According to equations (10) and (11), the coordinates of ( r _od)_o1 = [x_do1, y_do1, z_do1]^T in σ_o1 can be obtained by equation (12).

\begin{matrix} [\begin{matrix} x_{do 1} \\ y_{do 1} \\ z_{do 1} \\ 1 \end{matrix}] = [\begin{matrix} \cos φ_{B} & - \sin φ_{B} & 0 & a + Δ a \\ 0 & 0 & - 1 & 0 \\ \sin φ_{B} & \cos φ_{B} & 0 & Δ c \\ 0 & 0 & 0 & 1 \end{matrix}] [\begin{matrix} x_{d} \\ y_{d} \\ z_{d} \\ 1 \end{matrix}] \\ = [\begin{matrix} x_{d} \cos φ_{B} - y_{d} \sin φ_{B} + a + Δ a \\ - z_{d} \\ x_{d} \sin φ_{B} + y_{d} \cos φ_{B} + Δ c \\ 1 \end{matrix}] \end{matrix}

(12)

The normal vector of the point N₀ on the conical surface is ( n _a)_d = [n_xd, n_yd, n_zd]^T in the coordinate system σ_d,

(n_{a})_{d} = [\begin{matrix} n_{xd} \\ n_{yd} \\ n_{zd} \end{matrix}] = [\begin{matrix} - (\sin α_{d} \cos θ) \\ - (\sin α_{d} \sin θ \sin β \pm \cos α_{d} \cos β) \\ - (- \sin α_{d} \sin θ \cos β \pm \cos α_{d} \sin β) \end{matrix}]

(13)

Transforming ( n _a)_d from σ_d to σ_o1, its expression is ( n _d)_o1 = [n_xdo1, n_ydo1, n_zdo1]^T, and the homogeneous transformation expression is,

{[\begin{matrix} {(n_{d})}_{o 1} \\ 1 \end{matrix}]}^{T} = (\begin{matrix} R_{x} (π / 2) \cdot R_{z} (φ_{B}) & 0 \\ 0 & 1 \end{matrix}) {[\begin{matrix} {(n_{a})}_{d} \\ 1 \end{matrix}]}^{T}

(14)

According to equations (13) and (14), the coordinates of ( n ₁)_o1 = [n_xo1, n_yo1, n_zo1]^T in σ_o1 can be obtained by equation (15).

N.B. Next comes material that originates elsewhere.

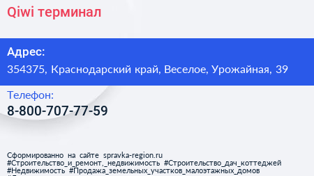 Qiwi, терминал по адресу 354375, Краснодарский край, Веселое, Урожайная, 39 в дальнейшем Организация, размещена в следующих категориях:

\begin{matrix} [\begin{matrix} n_{xdo 1} \\ n_{ydo 1} \\ n_{zdo 1} \\ 1 \end{matrix}] = [\begin{matrix} \cos φ_{B} & - \sin φ_{B} & 0 & 0 \\ 0 & 0 & - 1 & 0 \\ \sin φ_{B} & \cos φ_{B} & 0 & 0 \\ 0 & 0 & 0 & 1 \end{matrix}] [\begin{matrix} n_{xd} \\ n_{yd} \\ n_{zd} \\ 1 \end{matrix}] \\ = [\begin{matrix} n_{xd} \cos φ_{B} - n_{yd} \sin φ_{B} \\ - n_{zd} \\ n_{xd} \sin φ_{B} + n_{yd} \cos φ_{B} \\ 1 \end{matrix}] \end{matrix}

(15)

Relief grinding movements solving equations

When grinding the relief surfaces, the conical surface of the grinding wheel moves along the land edge by the controlling the four moving axes of the four-axis CNC toroidal worm machine.³² In the process of relief grinding, the normal vector n _H of the contact point N₀ on the conical surface is coincide with the normal vector n _G on the contact point P_r on the relief surface, as shown in Figure 4. When the conical surface of the grinding wheel moves along land edges, relief surfaces can be obtained.

Figure 4.

Relief grinding by a conical surface.

In order to enable the grinding wheel can process each point on the relief surface, the coordinate value of the point N₀ on the conical surface is equal to the coordinate value of P_r on the land edge in the coordinate system σ_o1,

(r_{od})_{o 1} = (r_{1})_{o 1}

(16)

When grinding the relief surface, the normal vector ( n _d)_o1 of N₀ point on the conical surface is parallel to the normal vector ( n ₁)_o1 of P_r on the land edge on the relief surface in the coordinate system σ_o1,

(n_{d})_{o 1} = (n_{1})_{o 1}

(17)

Then the mathematical equations for solving the movement parameters of the relief surface is as follows,

{\begin{matrix} {(n_{d})}_{o 1} = {(n_{1})}_{o 1} \\ (r_{od})_{o 1} = (r_{1})_{o 1} \end{matrix}

(18)

A point P_r on the land edge corresponding to a group of relief grinding parameters, and each land edge corresponds to a continuous group of relief grinding parameters (φ_B, φ_C, Δa, Δc). According to the equations (1), (2), (5), (7) and (10), the four motion parameters (φ_B, φ_C, Δa, Δc) for grinding the relief surface can be solved out. Using the solved motion parameters for programming, the relief surface can be obtained on the four-axis CNC toroidal worm machine.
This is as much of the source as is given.